La discrimination positive nourrie de bonnes intentions n’en a pas moins des effets pervers. D’abord le risque d’institutionnalisation est grand (elle devait être transitoire le temps que le groupe rattrape son retard) autant que celui de victimisation soutenu par une revendication de la compensation. Ses détracteurs mettent l’accent sur l’abaissement du niveau intellectuel causé par l’entrée de personnes non méritoires (études supérieures) et incompétentes (préférence locale de l’emploi.) Elle reste souvent accessible à une classe sociale pas totalement démunie. Celle du bas de l’échelle ne semble pas très touchée par ses privilèges.
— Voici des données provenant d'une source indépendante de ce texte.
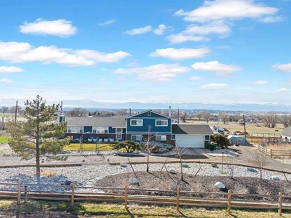 The rare opportunity to own your own ag property nestled close to town awaits! This tranquil property spans just over 2 acres, boasting panoramic views of the entire front range. Ideal for animal enthusiasts, the barn is equipped with power and water lines, ready to accommodate your beloved pets or livestock. Embrace the beauty of the meticulously landscaped yard with garden space, as well as grapevines and various fruit trees. Step inside to discover a recently updated kitchen adorned with new appliances (2020) and sleek soapstone countertops. The spacious eat-in area seamlessly flows into a stunning great room with vaulted ceilings, providing an idyllic space for gatherings and family bonding. The living quarters are conveniently situated just a few steps above the main entertaining area. Descend a short flight of stairs to uncover a sprawling bonus space, offering endless possibilities for customization. No expense was spared in enhancing both the interior and exterior of this home. Recent upgrades include fresh paint inside (2020) and out (2022), new flooring, baseboards, and trim (2020), a new A/C unit, water heater, plantation shutters, electrical panel upgrade, water booster pump replacement, and a new roof (all in 2020). Further enhancing the property are new stall doors and walls in the barn, extensive landscaping including added trees, grapes, and irrigation ($100k value done in 2020), as well as newly regraded asphalt roads forming a circular drive and leading to the barn. Additionally, new fencing throughout the property translates to a $40k savings for you. Smart features abound, including smart lighting, locks, and ceiling fans, alongside upgraded outlets and switches. Don't miss this extraordinary opportunity to embrace a lifestyle of serenity and convenience, where the joys of rural living converge with modern comforts. Lender incentive available when using preferred lender, contact listing agent for details.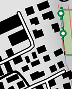 The new cartographic representation and override capabilities coming in ArcGIS 9.2 will support the complete cartographic production process within the GIS. Outputs include plot files for direct printing, image formats for Web or graphics publishing, and Adobe Acrobat PDF files for imposition, separation, and manipulation by prepress software. Representations and OverridesCartographers have always had difficulty in resolving the conflicting pressures of automation (rule-driven visualization) with those of cartographic clarity (freedom of expression). The new representations and override system in ArcGIS 9.2 unifies automation and freedom capabilities and resolves many of these problems. A small amount of information is added to geographic feature classes in a geodatabase to store representation rules and graphic overrides for individual features. Line ExampleRepresenting linear features unambiguously with patterned or dashed lines has traditionally been a challenging problem for cartographers. ArcGIS 9.2 provides a new solution to this and similar problems by supporting high-quality automatic representation of GIS features, while at the same time providing the flexibility to override the automated rules. Clear and attractive maps can thereby be efficiently produced. Figure 1 (above) shows five stages of symbolization for linear road or "track" features from a vector topographic GIS dataset (data copyright swisstopo). Traditional GIS-based mapping systems support only the first two stages. In stage 1, default GIS symbology (a red line) is assigned to the linear features, and in stage 2, a dashed line symbol is applied, as this is the typical line pattern used in cartographic products for tracks. This GIS symbolization falls short of many cartographic requirements because the poorly symbolized line intersections and bends (highlighted by the red circles) lead to ambiguity as to where the tracks start and end. Stage 3 shows how the new representation capabilities can automatically produce better symbology at line intersections by adjusting the line dash pattern to ensure intentional (half-dash) connections at the ends of all such line features. Stage 4 shows how the cartographer using this improved representation as a starting point can further perfect it by forcing the center of a dash to be placed at the sharp bend in the track in the northeast corner. This modification is stored in the database as an override to the representation geometry. Stage 5 shows the ultimate graphic freedom from the rules, where the cartographer has decided to change the color of some of the dashes and delete one dash from the other track. However, this "free representation" is still closely associated with the original feature. Representation StoragePhysically, a cartographic representation adds two additional columns to a standard ArcGIS feature class table within the spatial database. The source feature class stores point, line, or polygon geometries, as well as a set of additional attribute columns used for mapping, analysis, and data management. The cartographic representation columns store data that defines the representation rule used to symbolize a feature. They also store cartographic overrides, which are exceptions to the representation rule for a given feature. A representation system design premise was to avoid unnecessary duplication of data. Therefore, the extra columns that hold cartographic representations and overrides are minimal in size, and wherever possible, the representation information is derived dynamically from the existing GIS feature as it is needed. The structures used to hold overrides are flexible enough not to require separate columns for individual overrides. Representation RulesEach cartographic representation added to a feature class can refer to different rules for subsets of features within the feature class. For example, a roads feature class will typically have different rules for streets; first-, second-, and third-class highways; and freeways. It may also have variant rules for highways on bridges or in tunnels or for unique circumstances not normally part of the standard data model, such as a highway temporarily interrupted by a fair.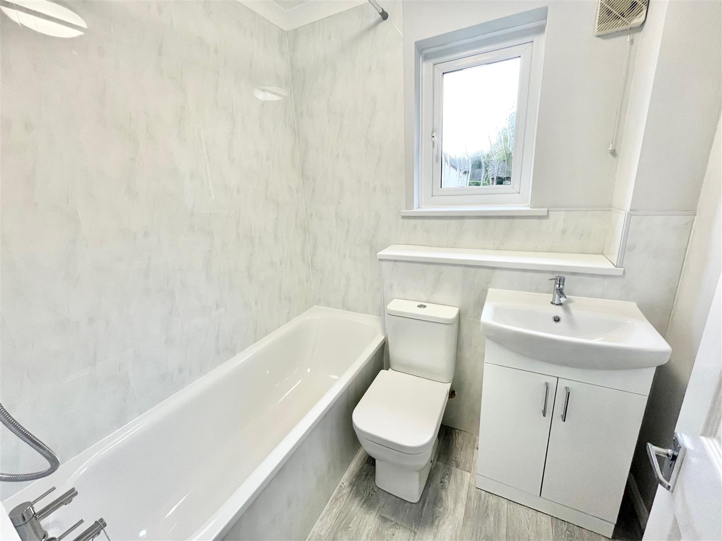- Newly-fitted modern bathroom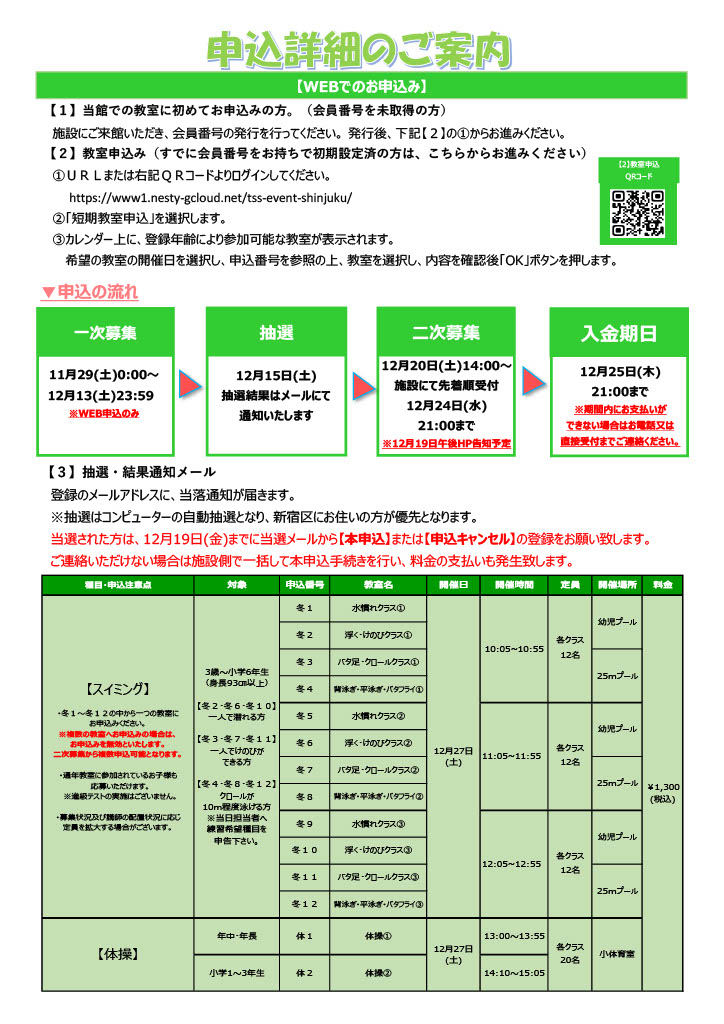 ※申込には必ず会員登録が必要となります。会員登録は施設にて承ります。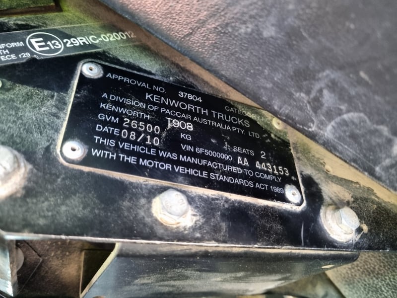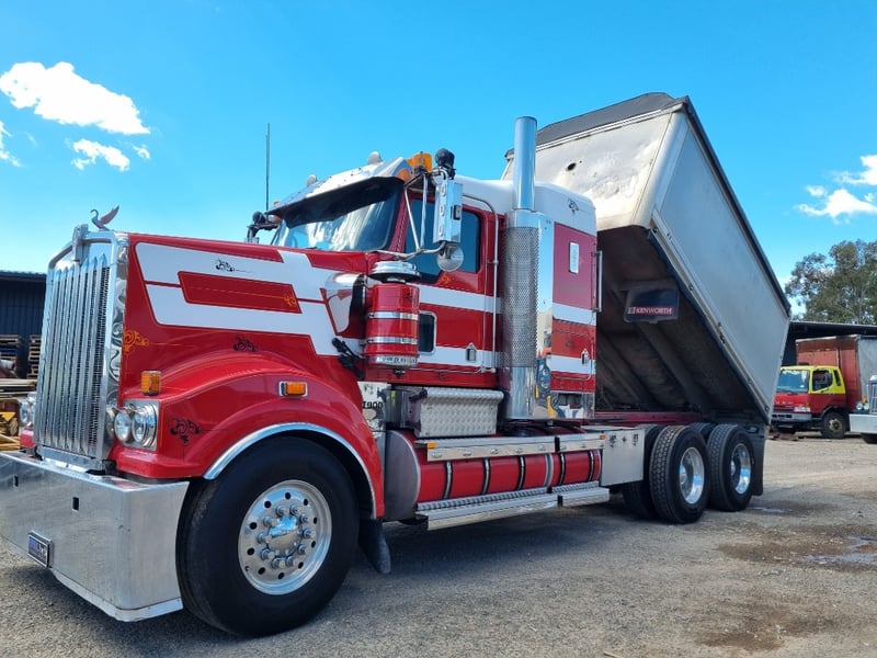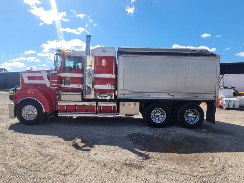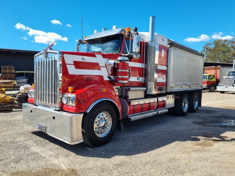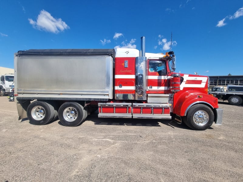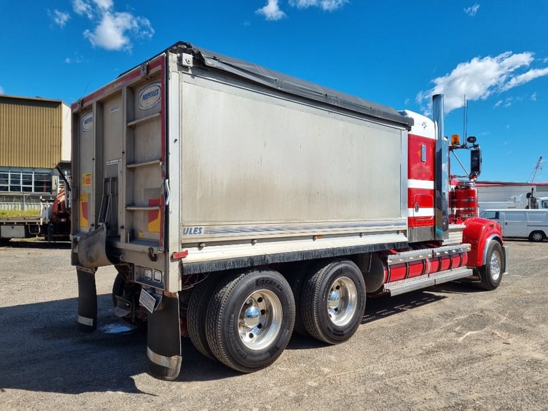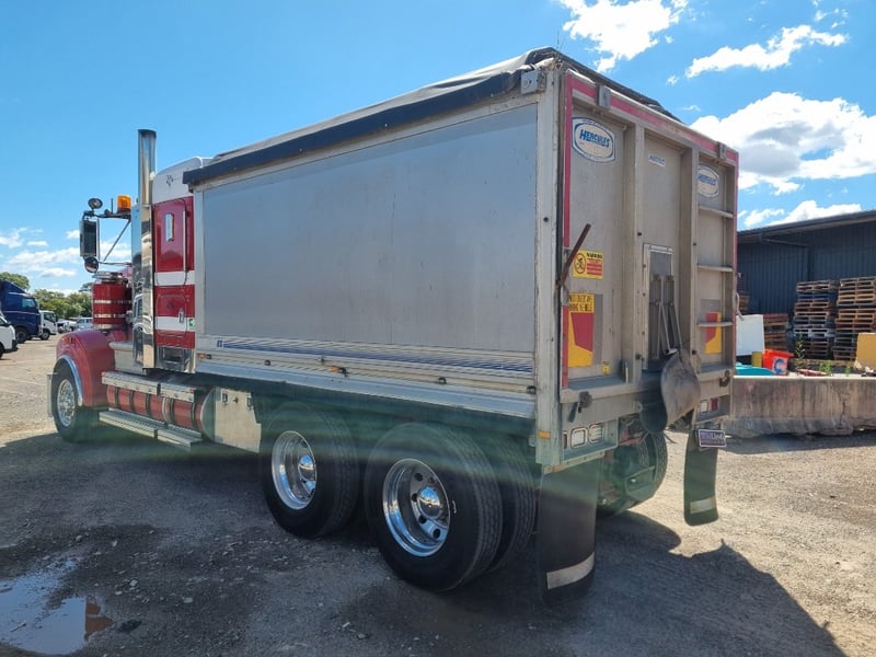 2010 Kenworth T908 tipper Year: 2010Make: KenworthModel: T908 tipperBody: 2-Door Prime MoverDrive Type: Rear wheel driveOdometer: Indicating 644,995 KilometersEngine: Turbo DieselTransmission: 18-Speed ManualColour: RedDescription/extras: GVM: 26500Configuration: 6x4Notes: Tipper Operational Chassis No: 6F5000000AA443153ENG No: 73425970 (AS PER PPSR)(Key #RA4 Marple)Lloyds stock #580811+1#CTM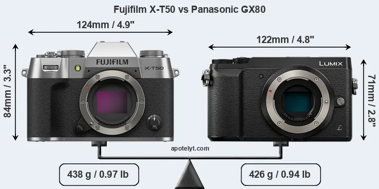 The side-by-side display below illustrates the physical size and weight of the Fujifilm X-T50 and the Panasonic GX80. The two cameras are presented according to their relative size. Three consecutive perspectives from the front, the top, and the back are available. All width, height and depth dimensions are rounded to the nearest millimeter.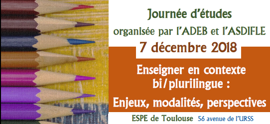 La prochaine Journée d'Etudes Asdifle - ADEB Enseigner en contexte bi/plurilingue : enjeux, modalités, perspectives aura lieu le vendredi 7 décembre prochain à l'ESPE de Toulouse.

Un petit exemple, ceux qui font la demande du cadeau/voyage peuvent se payer au moins un billet d’avion; d’autres pas. Moyen de se donner bonne conscience en désirant introduire une forme d’égalité, elle fait figure de cache-misère.
Afin que les résultats attendus soient effectifs dans cette lutte contre l’inégalité, il faudrait réorienter le système en direction des plus pauvres ; agir à la base en érigeant un plan social cohérent en faveur des défavorisés. Faciliter les accès aux ressources nécessaires au développement socio-économique passe par un remaniement des fondations des structures de base : l’école, les modes d’éducation, l’accès aux équipements sportifs et de loisirs, les règles de non-discrimination. Permettre à plus d’un de se trouver à un niveau social acceptable depuis l’enfance. Ce serait là affaire d’investissement financier d’envergure.
Ainsi l’égalité des chances n’aurait point besoin de promotion dans la mesure où un citoyen est un citoyen, tout moun cé moun. On se prend quelquefois à rêver.